A Voracious Appetite
China is currently importing gold in unprecedented amounts, and doesn’t plan on slowing down in the near future. In fact, the forecasts that the country’s gold consumption state that it will more than double by 2015.
These numbers should alarm gold investors in the West for a number of reasons, for even though China has been the world’s biggest gold producer since 2007, the prodigious tonnage mined within the country does little to sate the national appetite. Chinese gold mining companies are even adeptly acquiring more and more production opportunities abroad. China just can’t get enough gold.
Currency War Strategies
Many analysts believe that China’s insatiable hunger for the element is one strategy that the country is employing in its bid to make the Yuan a reserve currency.
According to the World Gold Council, only 1.6 percent of China’s official reserves were comprised of gold as of mid 2012. This scanty number is not alarming when compared to global gold hoarding incumbents, like the U.S., France and Germany, all of which hold around three quarters of their official reserves in gold.
However, this number is exactly why China’s gold consumption has gone through the roof recently. If China plans on the Yuan being held in reserves worldwide, gold is going to play a major role in the currency’s transformation.
China says it is fed up with the inimical mishandling of the U.S. dollar by its own issuing government, and is actively promoting the use of the Yuan in international trade and investment. A Reuters article on the topic claims that this is both “narrowly commercial” and “sweepingly strategic.” The first because it lowers transaction costs for Chinese exporters and importers; and the second, because:
Displacing the dollar … will reduce volatility in oil and commodity prices and belatedly erode the ‘exorbitant privilege’ the United States enjoys as the issuer of the reserve currency at the heart of a post-war international financial architecture [Beijing] now sees as hopelessly outmoded.
China believes that the dollar has had its day, and now its time is up. In interviews with the Wall Street Journal and the Washington Post, Chinese President Hu Jintao stated that the world’s monetary system backed by the U.S. dollar as its anchor currency was “a product of the past.”
Rumors have spread that this signals a return to the gold standard, however, a report from the London-based Official Monetary Financial Institutions Forum (OMFIF) states that that is highly unlikely.
The Yuan’s ability to challenge incumbent reserve currencies has also been brought into question, as it currently does not meet any of the three requirements of a reserve asset: it is not fully convertible; it doesn’t provide plentiful liquidity; nor is it a store of value that investors wish to hold. But China is actively—and efficiently—trying to change that.

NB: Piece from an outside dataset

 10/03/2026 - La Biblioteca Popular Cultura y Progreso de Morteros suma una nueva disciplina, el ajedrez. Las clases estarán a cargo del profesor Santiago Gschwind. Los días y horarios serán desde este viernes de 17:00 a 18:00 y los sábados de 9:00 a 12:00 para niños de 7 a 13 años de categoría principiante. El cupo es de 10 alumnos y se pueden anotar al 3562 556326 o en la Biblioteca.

If the Yuan does begin to challenge the USD’s position on the reserve currency totem pole, we will definitely see the effects in the price of gold. The OMFIF report states that considerable volatility in foreign exchange rates would plausibly accompany a shift to a multi-currency reserve system. This volatility and uncertainty as the global economy equilibrates would affect gold in the form of consistently higher prices.

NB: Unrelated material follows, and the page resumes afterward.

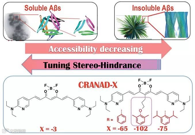 淀粉样蛋白(amyloid β, Aβ)是阿尔兹海默氏症(Alzhemier’s disease, AD)重要的生物标识物之一。患有阿尔兹海默氏症的大脑中存在可溶性Aβ(soluble Aβ, sAβ)与不可溶性Aβ(insoluble Aβ, insAβ)两大类蛋白。早期的理论认为insAβ斑块和沉积物是导致AD的重要原因,对于insAβ,分子探针的研究与开发已经比较成熟。三种可用于检测insAβ的PET分子探针已获得FDA批准,用于检测insAβ的荧光探针也得到广泛的报道。但最新的研究表明,sAβ在AD早期(症状前期)出现,且神经毒性显著高于insAβ。但是,能够选择性地识别sAβ的小分子探针鲜有报道。近年来,麻省总院/哈佛大学医学院Martinos Center分子影像中心的冉崇昭课题组进行了大量Aβ探针的相关研究(J. Am. Chem. Soc., 2009, 131, 15257; J. Am. Chem. Soc., 2013, 135, 16397; Chem. Commun., 2014, 50, 11550; Proc. Natl. Acad. Sci. USA., 2015, 112, 9734),他们发现一些姜黄素衍生物可以同时识别insAβ和sAβ,但缺乏选择性。设计开发sAβ选择性的探针具有非常大的挑战性,因为至少有三个方面的困难需要面对。目前鲜有Aβ晶体结构可以用于合理的分子设计(CAD),可提供经验的文献很少,而最大的困难是组成sAβ/ insAβ蛋白的β片层单体结构完全相同。可以想象,常规的药物设计策略较难解决问题。然而,抗体可用于选择性识别insAβ和sAβ,这是因为insAβ和sAβ空间结构的差异为抗体提供了选择性识别的基础。受到这一事实的启发,冉崇昭课题组与中国药科大学药学院的李玉艳课题组合作,采用调节近红外小分子荧光探针立体位阻的策略,实现了选择性检测sAβ蛋白,这一策略也有望用于其他种类淀粉样蛋白的研究。

The report goes on to state that, “for central banks concerned with preserving value and [being] politically cautious, gold is likely to prove a haven from currency storms.”
What investors can take away from this is that, even though the Yuan may not usurp the U.S. dollar’s throne in official reserves, it will most likely disrupt the current global monetary system, and may weaken the economic power basis the U.S. currently enjoys. And this disruption will cause gold’s value to rise in the future.
Investors Should Prepare Themselves
All of this continued and impending economic uncertainty means that physical gold is the safest investment one can make now. Gold has historically had an inverse correlation to currency valuation, and the world’s most powerful currencies are devaluing and will continue to do so as the world’s monetary system adjusts.